BEGIN Data below

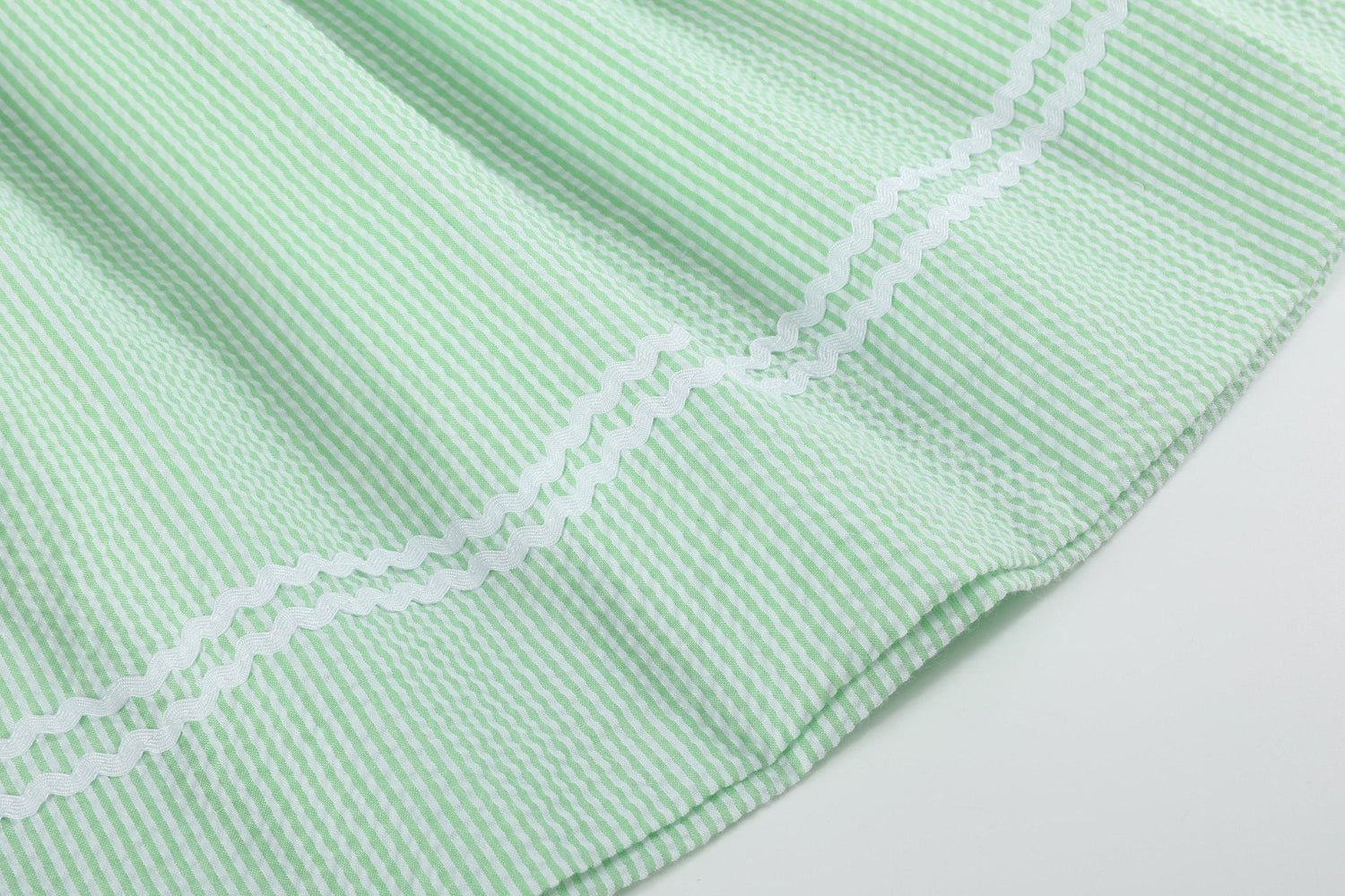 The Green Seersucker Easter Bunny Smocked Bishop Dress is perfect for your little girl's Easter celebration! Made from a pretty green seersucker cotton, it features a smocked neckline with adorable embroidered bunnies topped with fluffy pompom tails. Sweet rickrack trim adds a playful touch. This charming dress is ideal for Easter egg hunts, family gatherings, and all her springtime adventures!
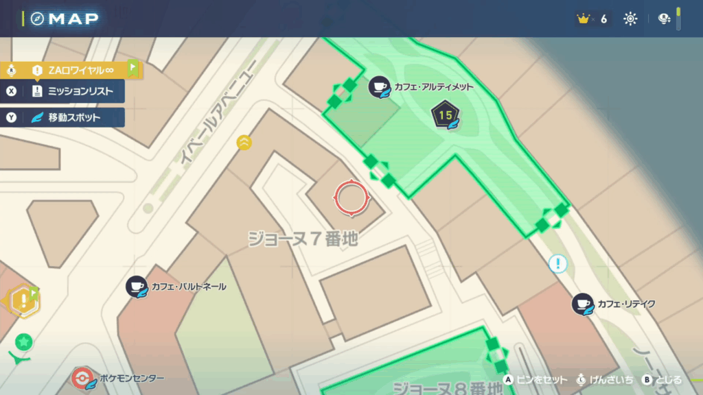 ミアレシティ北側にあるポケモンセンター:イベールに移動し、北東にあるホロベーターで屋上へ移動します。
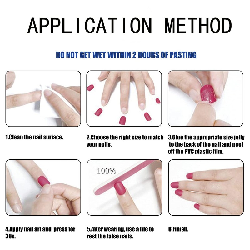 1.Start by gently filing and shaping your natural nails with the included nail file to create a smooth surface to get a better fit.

END Data below

** Action item **
The data above must be given back verbatim, minus its images.

** Solution for this problem **
 The Green Seersucker Easter Bunny Smocked Bishop Dress is perfect for your little girl's Easter celebration! Made from a pretty green seersucker cotton, it features a smocked neckline with adorable embroidered bunnies topped with fluffy pompom tails. Sweet rickrack trim adds a playful touch. This charming dress is ideal for Easter egg hunts, family gatherings, and all her springtime adventures!
 ミアレシティ北側にあるポケモンセンター:イベールに移動し、北東にあるホロベーターで屋上へ移動します。
 1.Start by gently filing and shaping your natural nails with the included nail file to create a smooth surface to get a better fit.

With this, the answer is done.